Painting Stevie Ray
This month, The Blues, a British music magazine, is publishing a major feature on the recording and legacy of Stevie Ray Vaughan and Double Trouble's debut album Texas Flood. Since I did the painting for the album cover, I was contacted last month by the editor, Edward Mitchell. "The cover art is a big part of what makes the album so special," he wrote, and asked if I could supply a few words for a sidebar. When I told him I had done a number of preliminary sketches for the painting, he asked if the magazine could publish them too. My comments were excerpted and are out in the current issue.
Q: How did you come to be involved in producing the cover art for Texas Flood?
A: I answered the phone one day and when they asked me if I’d do an album cover for a new musician, I said sure.
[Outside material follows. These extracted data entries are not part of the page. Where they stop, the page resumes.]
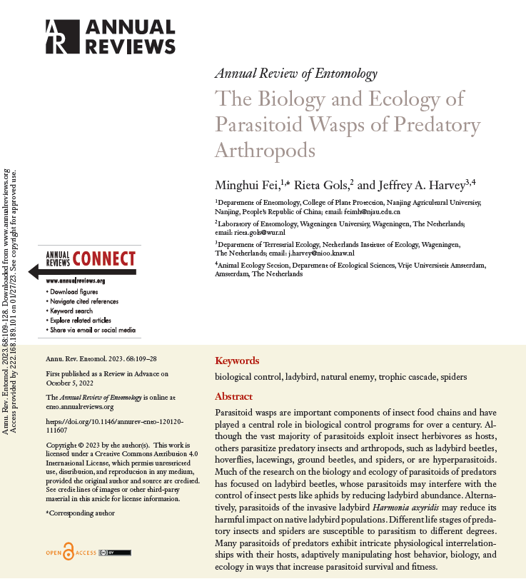 害虫生物防治实验室费明慧副教授,在昆虫学领域国际顶尖学术期刊Annual Review of Entomology(昆虫学年评,影响因子22.682)在线发表了题为“The Biology and Ecology of Parasitoid Wasps of Predatory Arthropods(捕食性节肢动物的天敌寄生蜂的生物学及生态学研究)”的综述文章。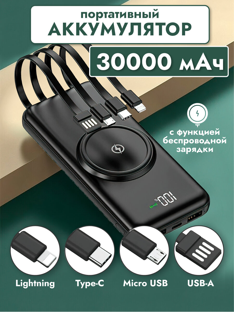 Внешний аккумулятор Power Bank 30000mAh с беспроводной зарядкой и встроенными кабелями, черный информация:
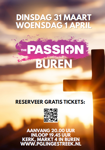 Dinsdag 31 maart en woensdag 1 april is het dan zover: de Passion in Buren. Met een enthousiaste groep mensen zingen we mooie liederen die de lijdensweg van Jezus Christus omlijsten. Dit jaar is onze nieuwe predikant ds. Alex Brinkman de verteller. De jongeren verzorgen een paar korte toneelstukjes. Je kunt voor beide data gratis tickets reserveren via de qr-code. Mochten er nog vragen zijn, neem dan contact op met Scarlett Lerrick: scarlett@pglingestreek.nl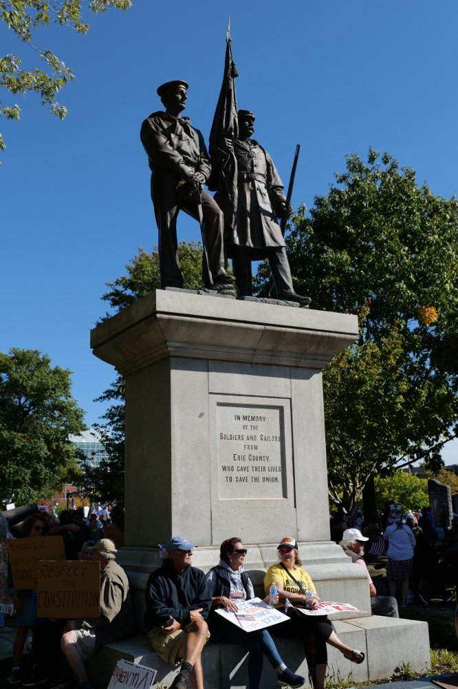 Perry Square was filled with protesters young and old, with tents along the margins of the park to provide community members with resources such as voter registration and information on activist organizations like 50501 Erie, French Creek Indivisible, and Fair Districts PA.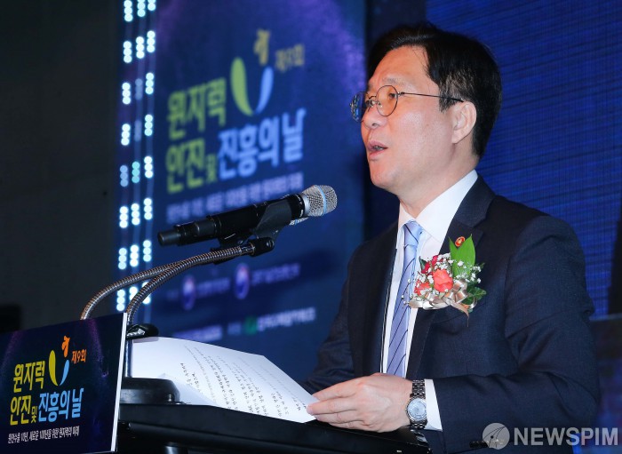 [서울=뉴스핌] 윤창빈 기자 = 성윤모 산업통상자원부 장관이 27일 오후 서울 강남구 코엑스 인터컨티넨탈 호텔에서 열린 제9회 원자력 안전 및 진흥의 날 기념식에서 축사를 하고 있다. 2019.12.27 pangbin@newspim.com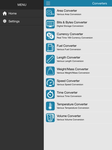 Unit Converter application allows you to convert Area, Bits & Bytes, Fuel, Length, Weight/Mass, Speed, Time, Temperature, Volume, Live 169 Countries Currency Converter etc...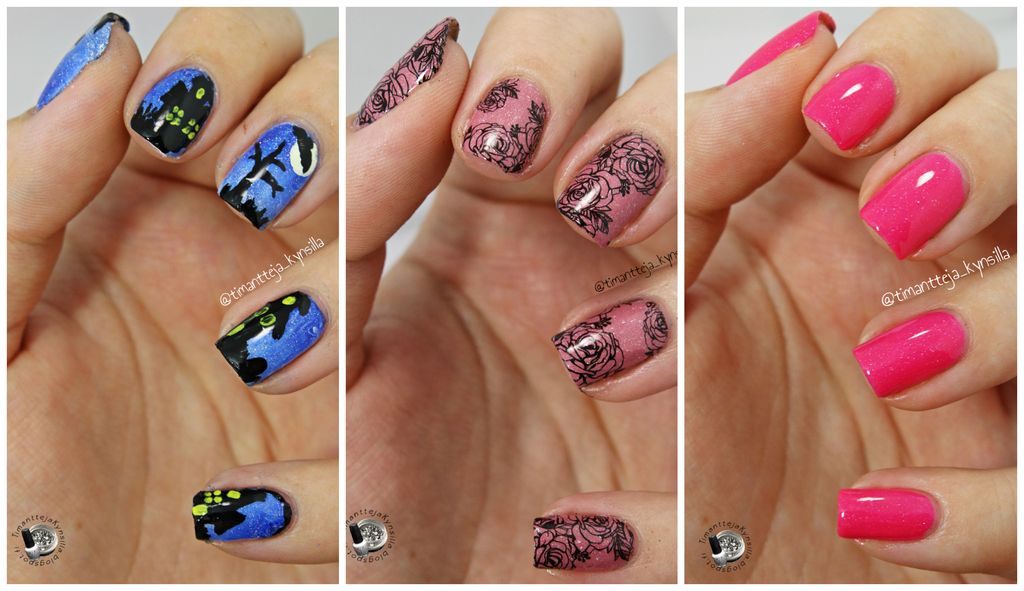 Kolmet kynnet sain julkaistua ja kaikista tykkään. Kaikista omannäkösimmät on kuitenkin nuo keskimmäiset. Tosi paljon olen viime aikoina mennyt yksivärisillä kynsillä. Uusia ihania lakkoja on sen verran tullut hommattua ja jotenkin en oo niitä osannut/halunnut koristella.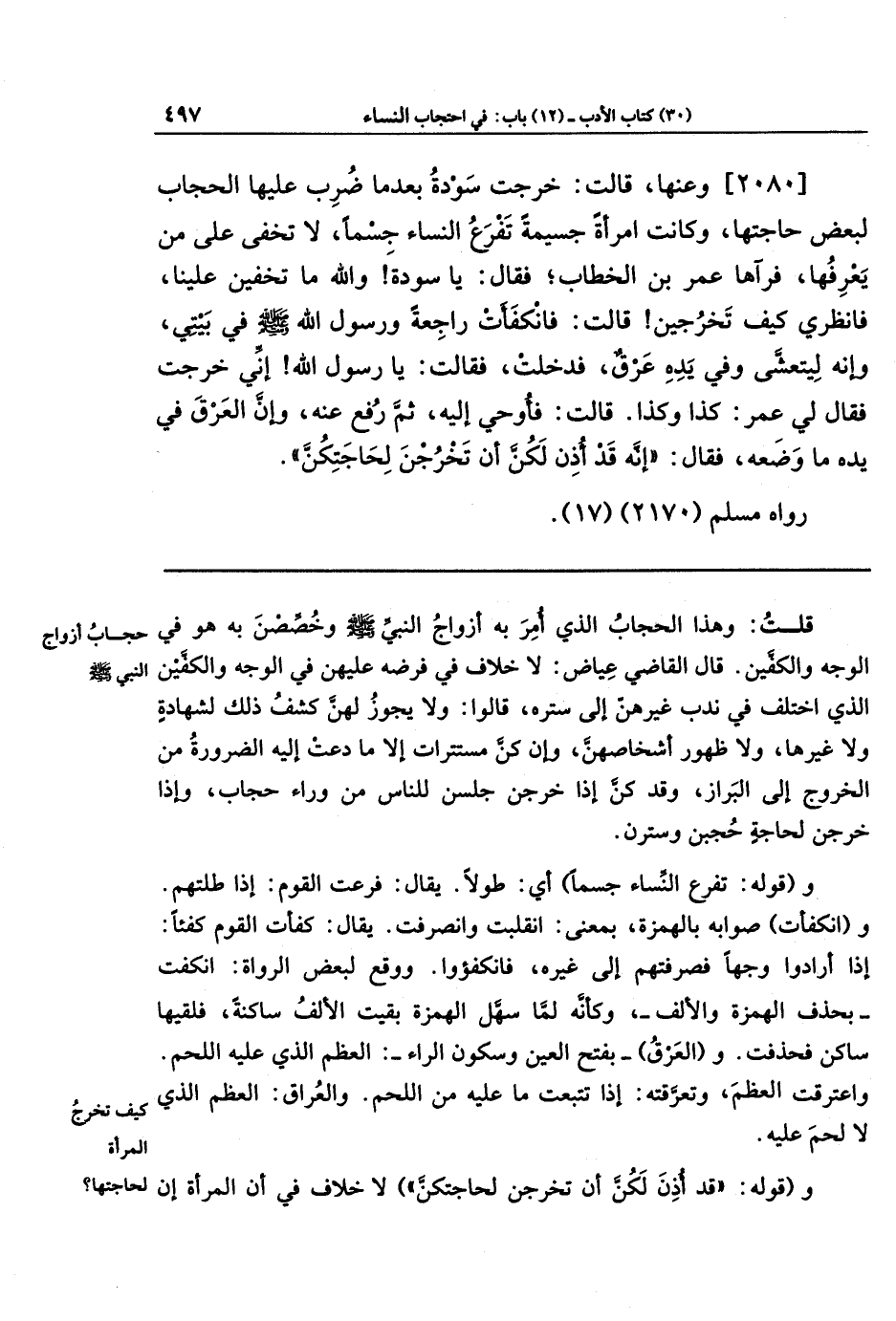 [2080] وعنها قَالَت: خَرَجَت سَودَةُ، بَعدَمَا ضُرِبَ عَلَيهَا الحِجَابُ، لِبعض حَاجَتَهَا، وَكَانَت امرَأَةً جَسِيمَةً تَفرَعُ النِّسَاءَ جِسمًا، لَا تَخفَى عَلَى مَن يَعرِفُهَا، فَرَآهَا عُمَرُ بنُ الخَطَّابِ، فَقَالَ: يَا سَودَةُ! وَاللَّهِ مَا تَخفَينَ عَلَينَا، فَانظُرِي كَيفَ تَخرُجِينَ، قَالَت: فَانكَفَأَت رَاجِعَةً وَرَسُولُ اللَّهِ صَلَّى اللَّهُ عَلَيهِ وَسَلَّمَ فِي بَيتِي، وَإِنَّهُ لَيَتَعَشَّى وَفِي يَدِهِ عَرقٌ، فَدَخَلَت فَقَالَت: يَا رَسُولَ اللَّهِ، إِنِّي خَرَجتُ، فَقَالَ لِي عُمَرُ: كَذَا وَكَذَا، قَالَت: فَأُوحِيَ إِلَيهِ، ثُمَّ رُفِعَ عَنهُ، وَإِنَّ العَرقَ فِي يَدِهِ مَا وَضَعَهُ، فَقَالَ: إِنَّهُ قَد أُذِنَ لَكُنَّ أَن تَخرُجنَ لِحَاجَتِكُنَّ.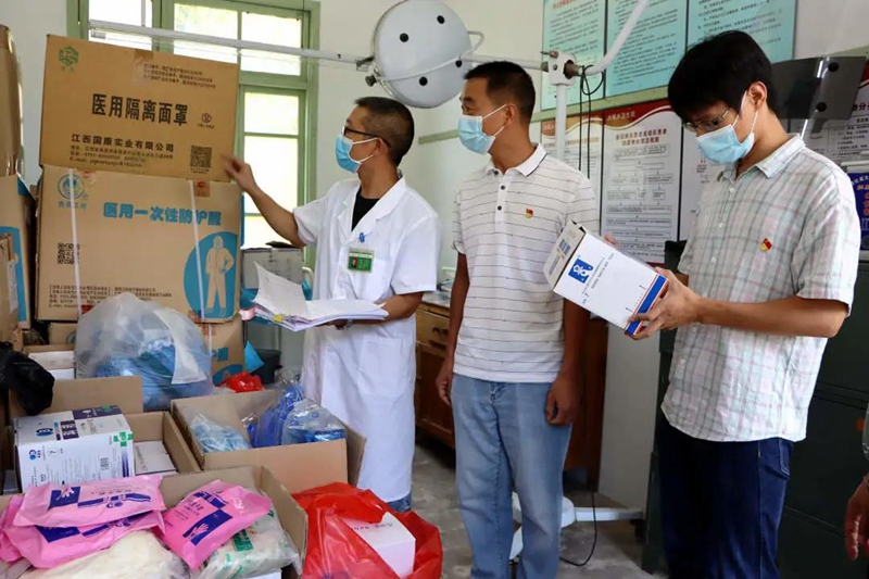 德化县大铭乡纪检监察干部到乡卫生院检查疫情防控物资储备、发热预分诊等落实情况。(林生泽 摄)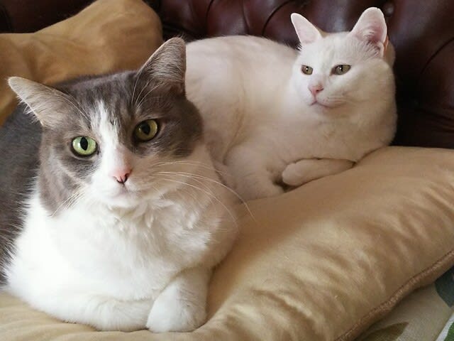 我が家のミミ(奥の白ネコ)とモモ(手前のキジネコ)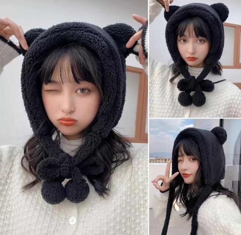 Шапка-вушанка Панда з вушками (Ведмідь, Ведмідь, Капюшон) із зав'язками,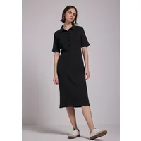 De figuurverbeterende geribde structuur geeft deze midi-jurk van Street One Studio voor dames een vrouwelijke pasvorm. Een overhemdkraag met decoratieve knoopsluiting, korte mouwen en zijsplitten geven de jurk een casual look. De katoenmix met stretch maakt hem comfortabel en behaaglijk.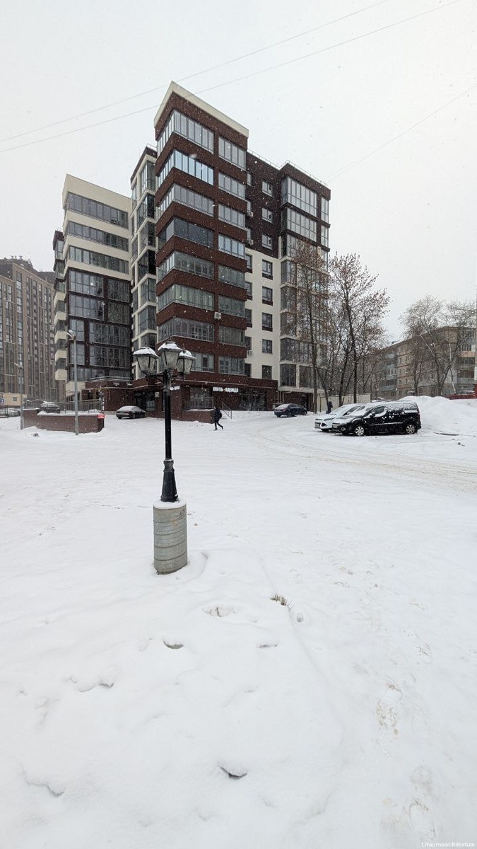 Сегодня смотрим на современный девелопмент в Иваново, дом сдан в 2023 году. Дом позиционируется как клубный дом бизнес-класса, но, увы, тут совсем нет благоустройства вокруг, а с перепадом высот также поработали подпорными стенками (это плохо) с решетками наверху. Архитектура никакая, но радуемся, что не отталкивающая. 📱 Архитекстура #Иваново #ЖК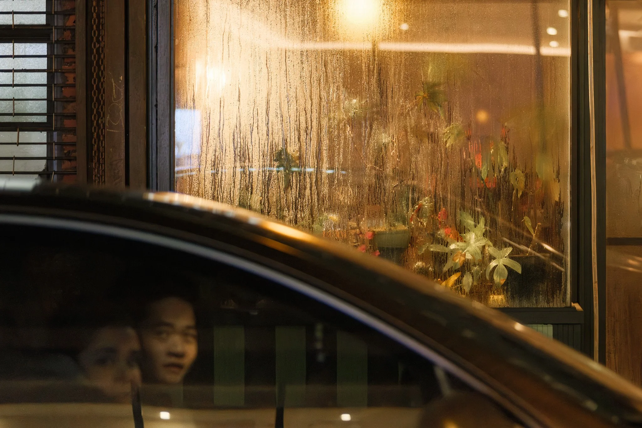 The Texture of the City: Rain and humidity are often seen as obstacles, but for candid street photography, they are gifts. The condensation on a window, as seen in the shot of the greenery behind the glass, transforms a mundane scene into something impressionistic. It obscures the literal and leaves room for the viewer's imagination.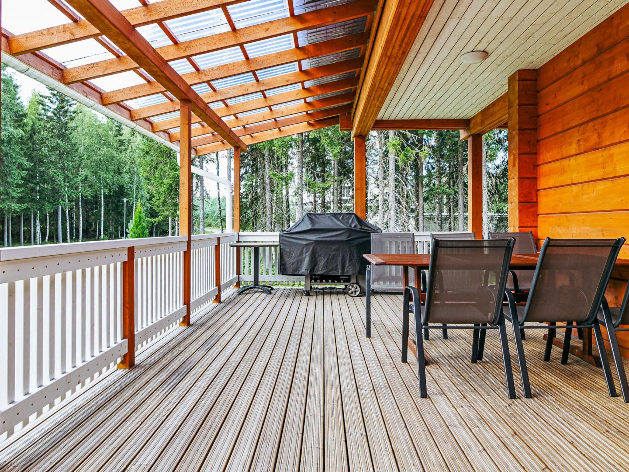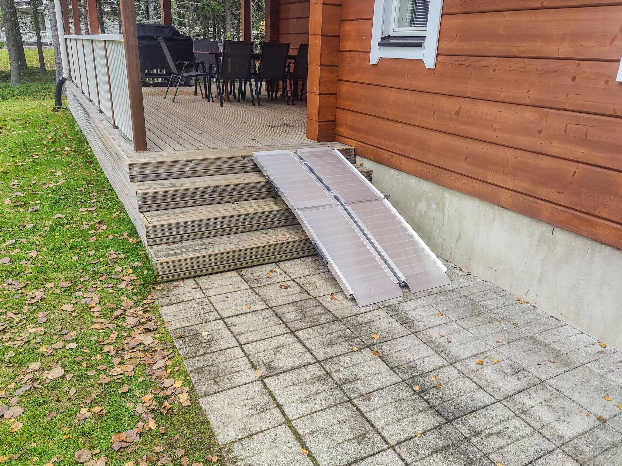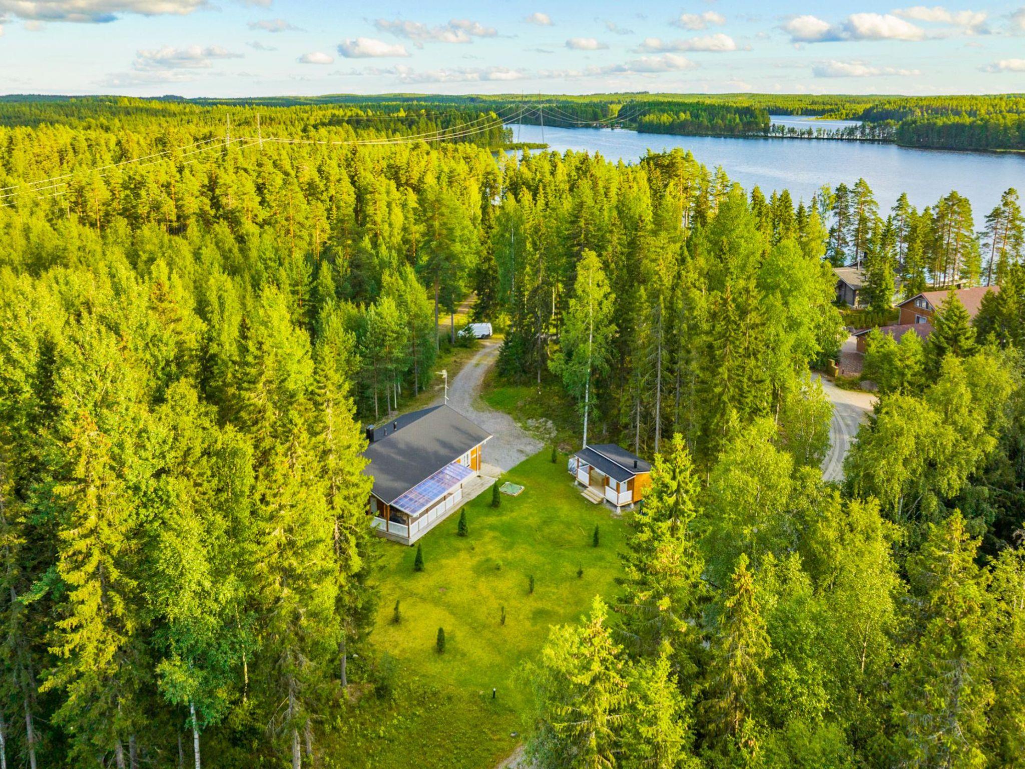 Log villa 2012, kitchen-living room with sofa bed, bedroom with double bed, bedroom with 2 beds, hall, bathroom, sauna, utility room, covered terraces.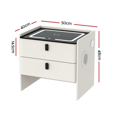 Upgrade your bedroom with the Artiss Smart Bedside Table, offering a perfect combination of technology and sleek design. This table features wireless charging, dual Bluetooth speakers, and both USB and type-C charging ports, all powered by an SAA adaptor. The three adjustable LED light colours allow you to customise your ambience, whether you're reading or relaxing.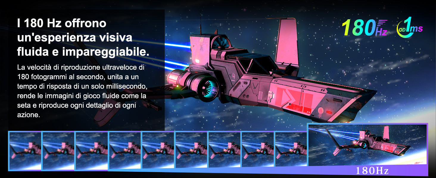 - Response time: OD 1ms | Refresh rate: 180Hz | Brightness: 300 nits | sRGB: 130% | HDR, so you can restore the original colours.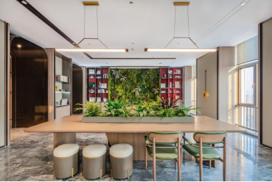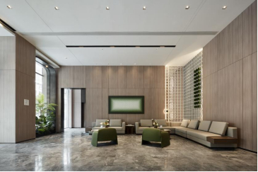 挑高星级会客大堂,以国际顶尖CBD标准,筑就超高商务公共空间,彰显恢弘疏阔的门面气场。以原木色为空间基调,暖黄色的灯光与角落镂空玻璃装饰相呼应,呈现出现代工艺感。在此基调上,空间里加入一抹清新的绿色,让整体的空间氛围更具生命力,也让大堂成为充满自在放松感的场所。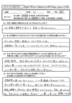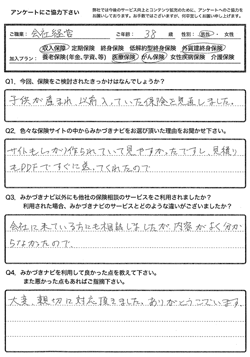 営業時間を遅くまでされているので、メール等、連絡を気がねなくできた。平日の仕事が終わった後に気さくに話ができ、説明を受けることができた。保険の種類を決めるまで、自分で時間がかかりましたが、気長に話をききいれて頂き、「自分の求めている保険が何なのか!」を導いて頂いた点、感謝しております。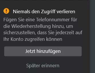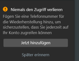 Ich habe jeweils auf: Später errinnern geklickt.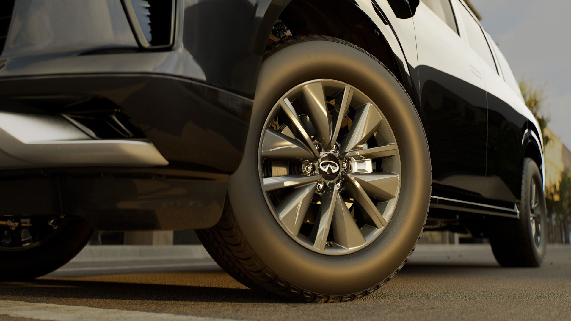 QX80’s available Electronic Air Suspension is a first for an INFINITI vehicle: lowering for easy interior access and raising for increased ground clearance to deliver plush, yet responsive handling.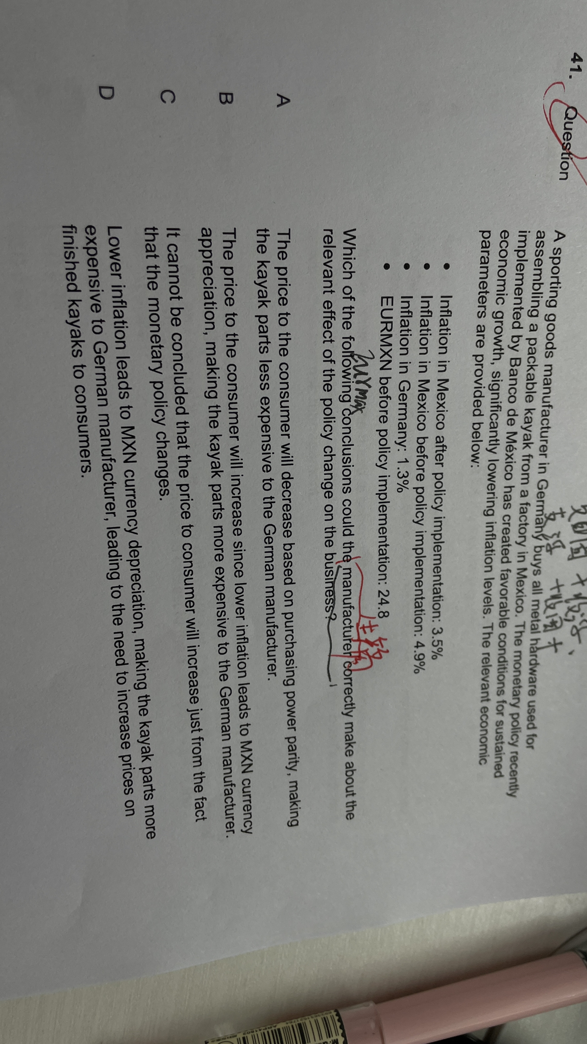 同学你好,这道题考察的其实是购买力平价利率,即在国际贸易中,利率的变化会影响汇率的变化,从而影响商品的价格。根据题干信息,墨西哥通胀率在下降,所以会导致利率发生上升,利率上升会导致汇率上升,即汇率升值,因此德国贸易商购买墨西哥商品的价格就会上升,但是这种传导机制是一个缓慢的过程而且并不是成比例的,因为商品的价格除了受到汇率因素的影响还受到其他因素的影响,这道题有点偏,结论偏实务,了解即可。
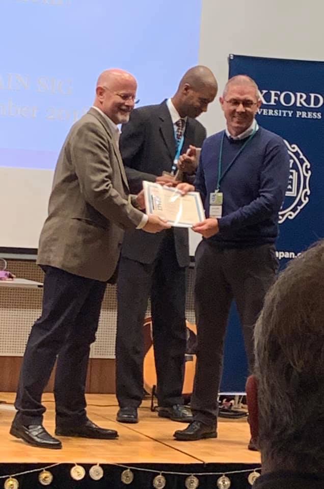 2018年度の優秀者に対する授賞式は、名古屋市で開催された2019年のJALT国際会議で、11月に行われました。各分野から選ばれた今年の受賞者は約25人であり、ローズ講師もその一人として表彰されたのです。

Q: Why did the label choose to commission you rather than use a photographic shot?
A: Artists are probably the last people to know why art directors pick them.
Q: How involved were Stevie, Tommy and Chris in the concept for the cover art?
A: Well, in the initial stage, I wouldn’t really know. Whatever I was told would have been conveyed to me by the art director. At the time, remember, Stevie Ray wasn’t well known outside the Southwest, so I don’t know how much clout he would have had at Columbia Records. On the other hand, he was one of John Hammond’s “discoveries,” so it’s possible he might have had as much say-so as he wanted.
Q: How did the artwork come together?
A: The original idea you can see from the first charcoal sketch I did. I call it the cowpoke picture. They told me Stevie Ray wanted to be portrayed in a western get-up of some kind and somebody – I can't remember who – it might have been Stevie Ray himself – wanted to show him riding a horse with his guitar slung over his back.
I can’t remember either whose idea it was to have him pushing on through a flood. That might have been mine, because I knew what the album was going to be called. On the other hand, that might have been part of the brief, I just don't recall. In any event, I told the art director that I thought the whole idea was corny and that a more straight-forward painting would be better.
They had given me a crummy Polaroid of Stevie Ray playing his guitar to work from. I did the best I could with that, but you could barely make out his face. So I told them that if they wanted the guy on the cover to look like Stevie Ray, they'd have to fetch him in from Texas and send him down to my studio.
Q: So did you sketch Stevie in situ?
A: Not at first. They said there was no way they were going to pay to fly him in. But the next thing I knew I got a phone call saying he was in town: when could I see him?
A: What was the location?
Q: My loft’s in Soho, which in those days was mostly an industrial district full of rag warehouses. Stevie Ray wasn’t in a very good mood when he got here. I met him downstairs and the first thing he wanted to do was to get some cigarettes. So we walked to a bodega around the corner and got some, then came back and started drinking Jack Daniels. After that, his mood improved and we got down to business.
Q: The Texas Flood cover has become iconic. How do you feel about it 30 years later?
A: I’ve never really thought about it much, there’ve been so many other things to think about. On the other hand, I've never done many album covers – Ray Charles, Billy Joel, a few others. But out of all of them, the afternoon I spent with Stevie Ray stands out in my memory.